Левон Аршакович и Букин переглянулись. Армянин раздумчиво проговорил:
— Письмо явно любовное, но я до последнего считал сына геем. Получается, он гетеросексуал… был.
— Подождите, он ходил к некоей Эмме раз в месяц, — заторопился Букин. — Но я никогда ее не видел. Наверное, он скрывал личную жизнь даже от меня. Я даже одно время думал, что он говорит о воображаемой подруге, чтобы быть как все, пока не нашел ее телефон в его блокноте. Я не знаю, кто из этих двух девушек Эмма.
— Установить личность автора письма невозможно, принтер не имеет характерных особенностей, как в случае с письменной машинкой. И конверт отсутствует. Возможно, он получил письмо из рук в руки на свидании и носил с собой как сувенир. Придется вызывать обеих.
*
Букин о ней не знал, даже не видел на фотографиях. Сильно обижался, что Гарик не знакомит его со своей девушкой. Иногда подкалывал: «Она что у тебя, еврейка, что ли? Ну, тогда давай, иди к повитухе, она тебе собственноручно обрезание сделает!»
Уж кто-кто, как ни Эмма могла рассказать в подробностях о последних годах жизни Гарика. Кочарян-старший после долгих колебаний набрал номер. Трубка ответила мужским голосом. Левон Аршакович вежливо осведомился:
— Простите, могу я поговорить с Эммой?
— С какой Эммой? Не знаю я никакую Эмму.
Кочарян-старший, не веря своим ушам, перезвонил еще раз — трубка разразилась раздражением с летучим кавказским акцентом:
— Слушай ты, мужик, повнимательнее номер копытом набирай!
«Сам баран!» — подумал Левон Аршакович, но спросил очень вежливо:
— А кто вы ей будете?
— Кому «ей»?
Дальше тянуть не было смысла.
— Это вы дали Гарику этот номер?
— Да.
— Как я могу к вам обращаться?
— Овик Сергеевич.
— А я его отец. Дело в том, что мой сын погиб. И когда выдадут тело, а оно улика, я хотел бы пригласить вас на хогехац. Забыл как по-русски.
— Поминки?
— Да. Я не спрашиваю, кем вы ему приходитесь, но я думаю, что вы важный человек в его жизни, раз он скрывал ваше имя под именем девушки.
— Я его психоаналитик.
— Разве у него были проблемы?
— Это медицинская тайна, которая даже после смерти не может быть раскрыта.
— Кажется, я догадался. Это связано с девушками. А про Машу или Лизу он не рассказывал?

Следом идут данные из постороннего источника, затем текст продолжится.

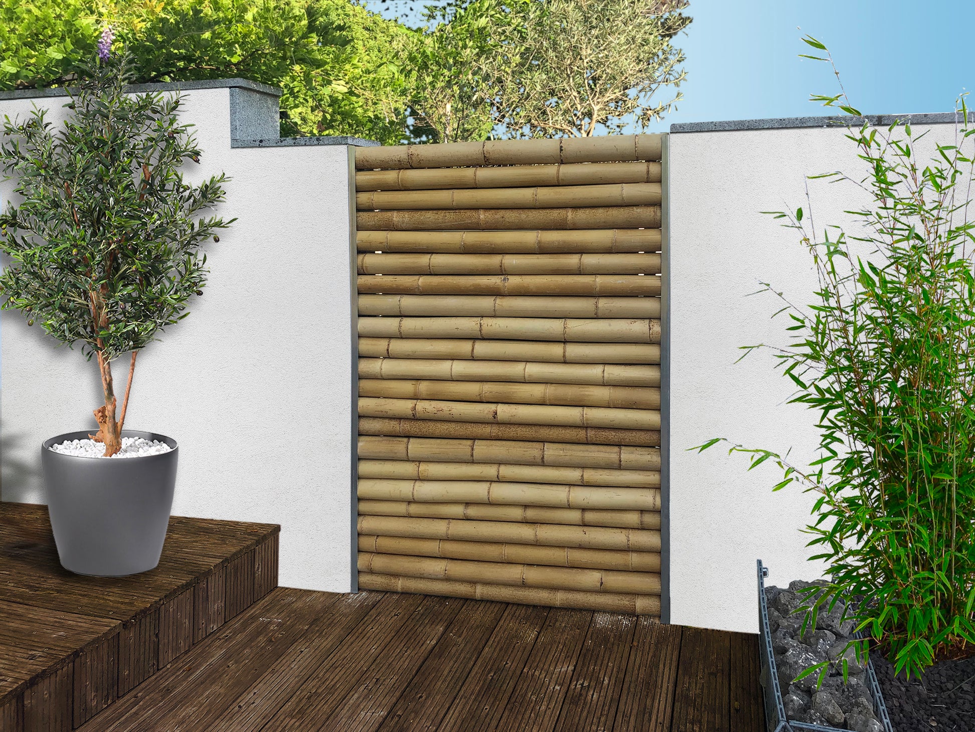 Bambusrohre verfügen über einen natürlichen Witterungsschutz, der jedoch mit der Zeit durch äußere Einflüsse vergeht. Niederschläge und Sonneneinstrahlungen führen zu Verwitterung und Verfärbungen. Eine regelmäßige Pflege mit Bambus-Schutzölen bietet einen UV-Schutz und macht den Bambus wasserabweisend. Wir empfehlen einen baulichen Witterungsschutz und das Vermeiden von stetigem Erd-/Wasserkontakt um die Einflüsse zu minimieren.
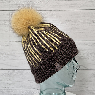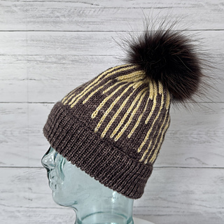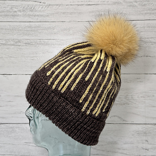 The Melting Ice Cap is a bold two-color design that plays with contrast and movement. Long vertical lines appear to drip and flow, creating the look of something slowly melting as it stretches downward through the fabric. Clean structure meets organic texture in this eye-catching knit. The colorwork is simple yet creative, making it an engaging project. Cozy to wear that’s full of interest. This hat is perfect for those who love visual texture, strong lines, and designs that feel a little unexpected. Perfect for knitters who enjoy texture, subtle drama, and a fresh take on two-color design, the Melting Ice Cap is a statement piece that still feels timeless. This beanie is one size and can fit most adults and teens. Chart included with written instructions.
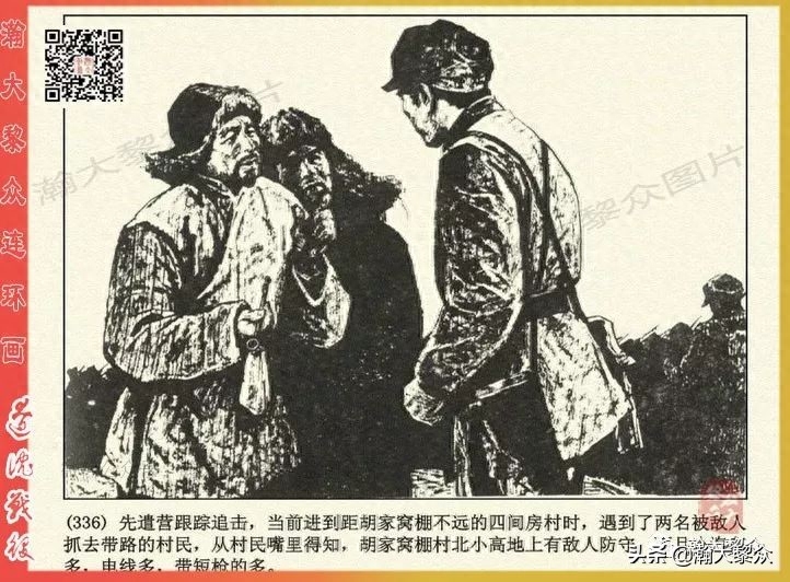 336 先遣营跟踪追击,当前进到距胡家窝棚不远的四间房村时,遇到了两名被敌人抓去带路的村民,从村民嘴里得知,胡家窝棚村北小高地上有敌人防守,而且小汽车多,电线多,带短枪的多。

— Про Машу да, про других нет.
— Увы, вас, наверное, вызовут в милицию, если еще не вызвали. Так что ваша тайна превратится в тайну следствия.
— До свидания, я запишу ваш телефон сразу же после разговора.

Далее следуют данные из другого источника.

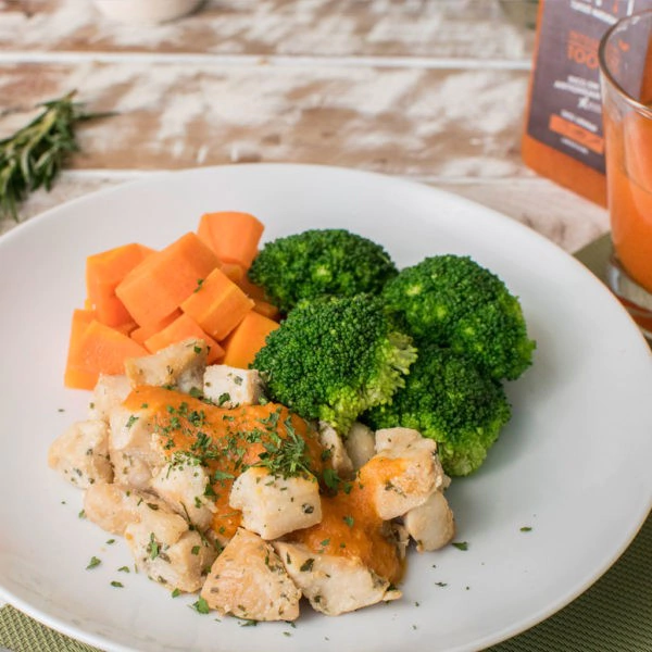 Ingredientes: peito de frango, molho de tomate natural, brócolis, cenoura, alho, sal, azeite de oliva, manjericão e cheiro-verde.
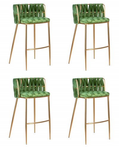 Набор 4 шт Стул барный DOBRIN EMMA GOLD, зеленый велюр (VF-08)
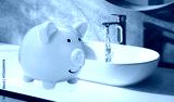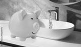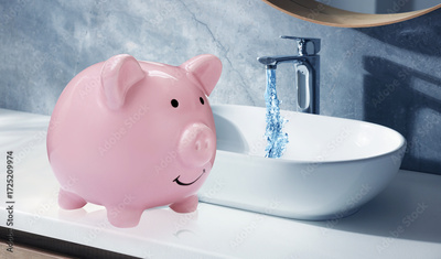 Save water concept. Piggy bank near sink and tap with dripping water
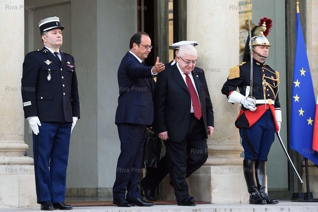 Légende : François Hollande reçoit Fouad Massoum, président irakien, pour un entretien au palais de l'Elysée, avant la conférence sur la paix et la sécurité en Irak.
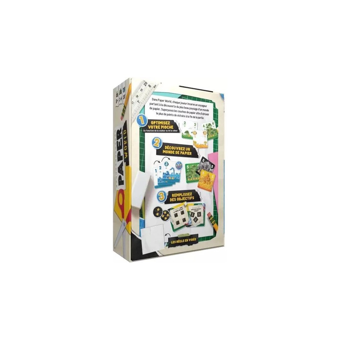 Dans le jeu Paper World, chaque joueur incarne un voyageur qui tente de recréer les paysages qu'il a vus au cours de ses voyages à l'aide de couches de papier. Empilez les différentes couches de papier que vous trouvez pour avoir le plus de points de victoire à la fin de la partie.
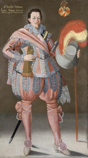 | Keywords: Målning. Porträtt. Officersvän. Lars kagge - Skoklosters slott - 87193.tif Lars Kagg greve riksmarsk plain text Helfigur stående fas höger Höger hand i sidan håller handskar vänster hand håller plymagerad hatt och käpp Röd dräkt med silvergaloner värja <br/>Inskrift överst t v Oberster leiltnant Lars Kagge NATVS ANNO 1597 FECIT Ao 1623 <br/>I övre högra hörnet vapensköld med stråle original caption Målning Porträtt Officersvän Lars kagge SKO 2264<br/> Nyckelord Herrmode 1600-tal Kagge Lars Pösbyxor Skorosor Rosa Barocken Målning Porträtt Föremålsbild Man Stormaktstiden 1623 oil on canvas size mm 1120 1980 SKO Herman Wrangel riksråd fältmarskalk place of origin original filename sm_dig4832_2264 23522 inventory number SKO 2264 87193 PD Jens Mohr Jens Mohr Georg Günther Kräill Portraits in the Skokloster Castle 1620s paintings in Sweden 1623 portrait paintings Male 17th-century men of Sweden 1623 17th-century portrait paintings in Sweden 1623 17th-century portrait paintings of men at full length 1623 17th-century portraits with coat of arms 1623 Accessories for shoes Baroque paintings Field Marshals of Sweden Male clothing Male portraits holding glove 1623 Male shoes in portrait paintings 1623 Nobility of Sweden 1623 Pink Portrait paintings of men with swords 1623 Sweden 1611-1718 Media contributed by LSH unmatched creator Media contributed by LSH unmatched keyword Media contributed by LSH 2013-10 |
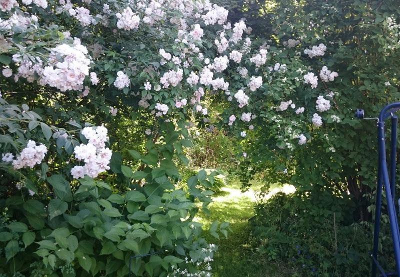 Hier haben ein Eonymus, PHM und ein Pfeifenstrauch einen Durchgang mit Bogen gechaffen.
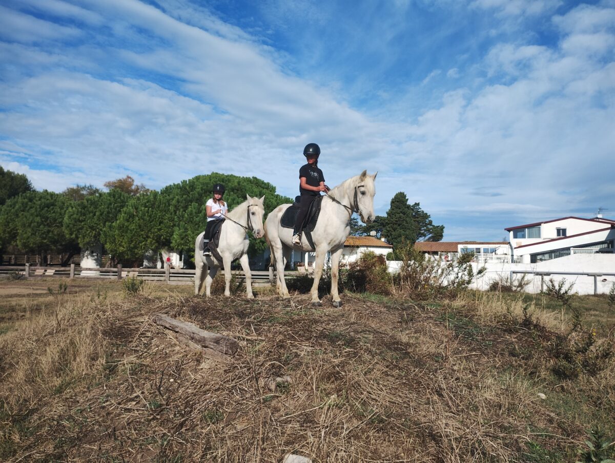 Nous avons réservé quatre nuits dans un hôtel en pleine nature aux Saintes Maries de la Mer. L’hôtel propose des activités équestres. Nous y accompagnons les aînées de nos petits-enfants, âgées de 10 ans et 8 ans, pour des cours d’équitation matin et après-midi. Michel, le professeur, presque septuagénaire, est un remarquable pédagogue. Avec humour, il enseigne comment monter le cheval, mais surtout comment se relationner avec lui.
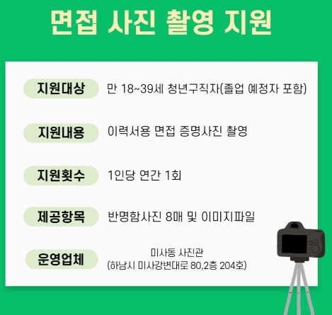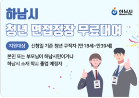 하남시에서 취업이 쉽지 않은 현 경제 상황 속에서 구직활동 기간 중 면접을 위해 필요한 면접정장 및 면접사진촬영을 무료로 지원합니다. 심리적 부담과 경제적 부담을 감소시키는 취업지원 서비스입니다. 예산소진 시 종료되니 서둘러 신청하시기 바랍니다. 아래에서 지원자격 및 신청방법을 알아보겠습니다.
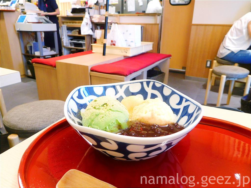 バニラビーンズたっぷりのバニラアイスと抹茶アイス。どちらもさっぱりとしていて甘さ控えめ。あまい小豆と一緒に食べるとちょうど良いです。
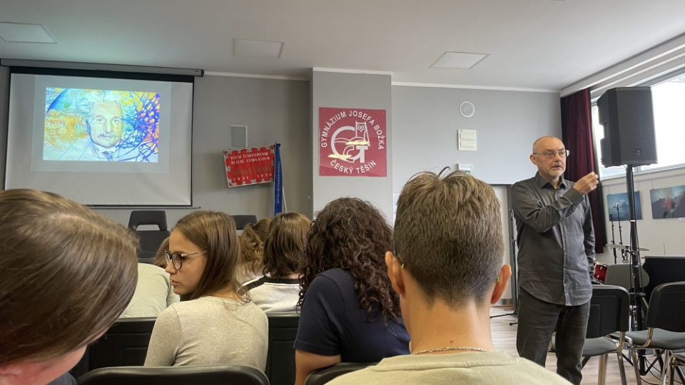 Pro studenty vyššího gymnázia si lektor připravil přednášku na téma Einsteinova teorie relativity a přednášel i o gravitačních vlnách. Profesor Podolský je zajímavě a přehledně seznámil s danou problematikou a díky mnohým obrázkům a grafům mohli jeho výklad pochopit i ti, kteří se o tématu dozvěděli poprvé, nebo ti, kteří se o fyziku příliš nezajímají. Zajímavý výklad a poutavá prezentace studenty zaujaly a určitě je podnítily k bližšímu zájmu o zábavný předmět plný divů – fyziku.
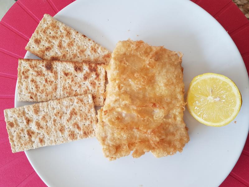 Merluza rebozada con huevo y harina.

Левон Аршакович попрощался в ответ, попутно сожалея, что доверял Гарик не родному отцу, а чужому дядьке в белом халате.
* 10 *
Чтобы написать письмо по-армянски, Лиза старательно нагугливала ДК Армении, но такового не оказалось. И ей пришлось идти в Московскую Армянскую общину, где секретарша генерала Арутюнова волынила с переводом нескольких строк неделю. Превозмогая страх перед жуткими головорезами у порога МАО, девушка забрала листок с чудесными буквами, похожими на нежную каракулевую шерстку ягненка. Лизе, конечно, хотелось послушать, как звучит это послание, но секретарша оказалась неразговорчивой. В интернете начинающей армянофилке присоветовали обратиться на курсы армянского языка, что она и сделала. Пока что курсов не было, и она, не жалея карточки модемной связи, гуглила по ночам армянский алфавит и осваивала грамоту, благо что текущий 2006-й был годом культуры Армении в России, и всякого армянского добра в интернете заметно прибавилось. Базе гумарац аревик сер хаснум э. То есть: «Сокол плюс солнце равно любовь».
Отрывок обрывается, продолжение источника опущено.